Seth Grimes talks about the claim that "80% of business-related information resides in unstructured form, primarily text." I remember this being an important element of discussions of information management (and into knowledge management) as I was getting into the topic.
BridgePoint Experts' Corner: Unstructured Data and the 80 Percent Rule .
[snip] It does seem obvious that a very high proportion of data is unstructured: How much of your workday is spent reading or writing e-mails, reports, or articles and the like, in conversations, or listening to live or recorded audio? And in making the case for tapping unstructured sources, a very important asset in fields ranging from customer experience management to counter-terrorism, it’s helpful to be able to quantify the proportion, to put a number on it.

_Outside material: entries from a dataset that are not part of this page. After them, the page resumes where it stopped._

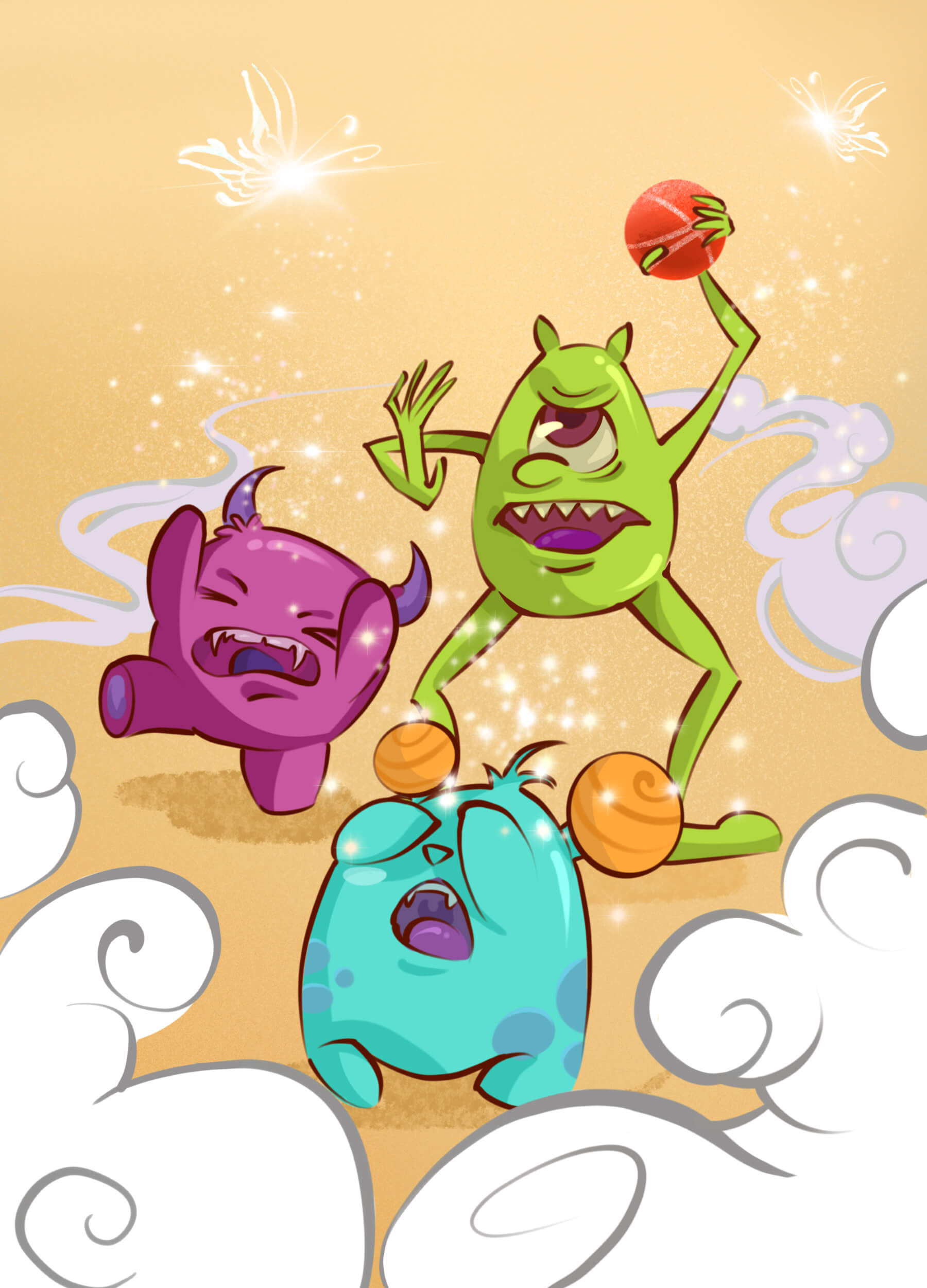 В надежде укрыться от чар добрый феечек, хулиганы кинулись в тапок щенка. Но малышки-феи взмахнули волшебными палочками – тапок взлетел и вместе Вирусом, Бактерией и Микробом вылетел в окно. Бактерия хотела прихватить с собой мячик, но он не поместился в оконную раму. Так и улетели хулиганы, а любимая игрушка щенка снова вернулась к нему.
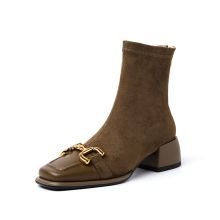 Use our battle tested marketing materials for Women's Retro Leather Ankle Boots with Mid Heels and Metal Detail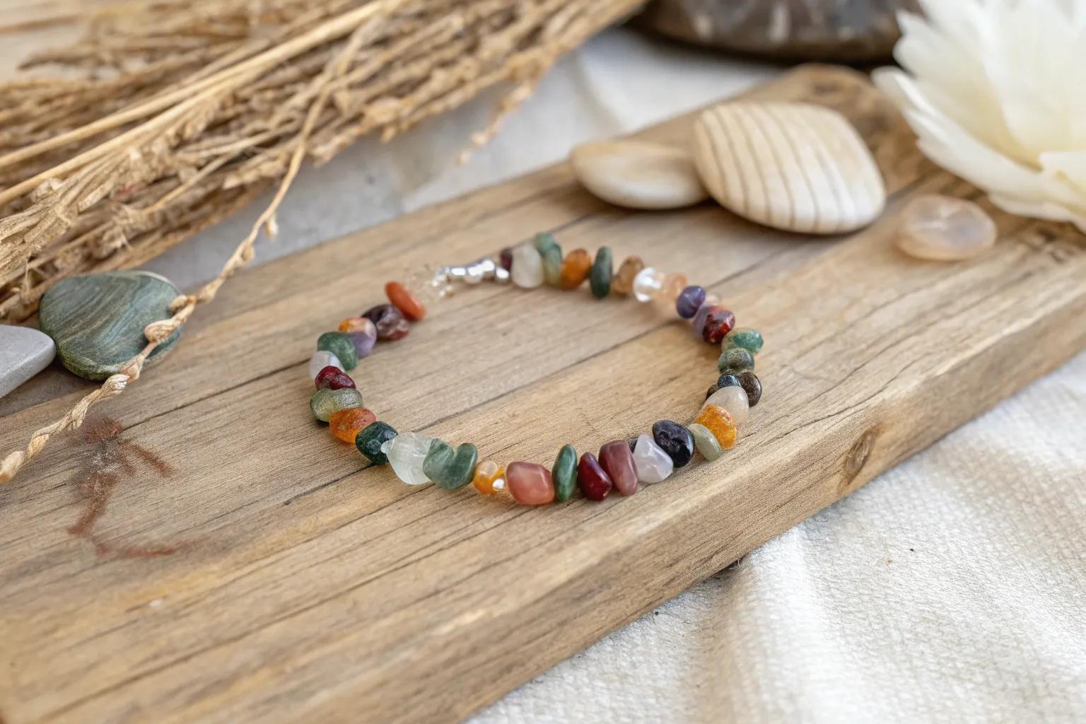 String some gemstone chips onto a simple anklet for that beach-ready vibe. I wear mine all summer long, and it adds a playful touch to my sandal game. This concept works just as well for wrists; check out these creative gemstone bracelet ideas for inspiration.

I like that he's taken the time to explore source of this claim, which appears to be more-or-less correct. But even more important, why is it interesting?
As I read through Seth's discovery, the thing that I thought is that at one point ALL data is "unstructured" because we can only add structure to it when we build a narrative around it. Of course, I know that databases are "structured" in that i can find a phone number vs. a fax number, if the fields are labeled properly. But the connections that I can draw about that data can really only be expressed in words and language. And this is when I add my own structure to the data, as well as unstructuring it from the formal rows and columns of a data cube.
[Yes, I know I am playing loose with information architecture concepts. Please forgive.]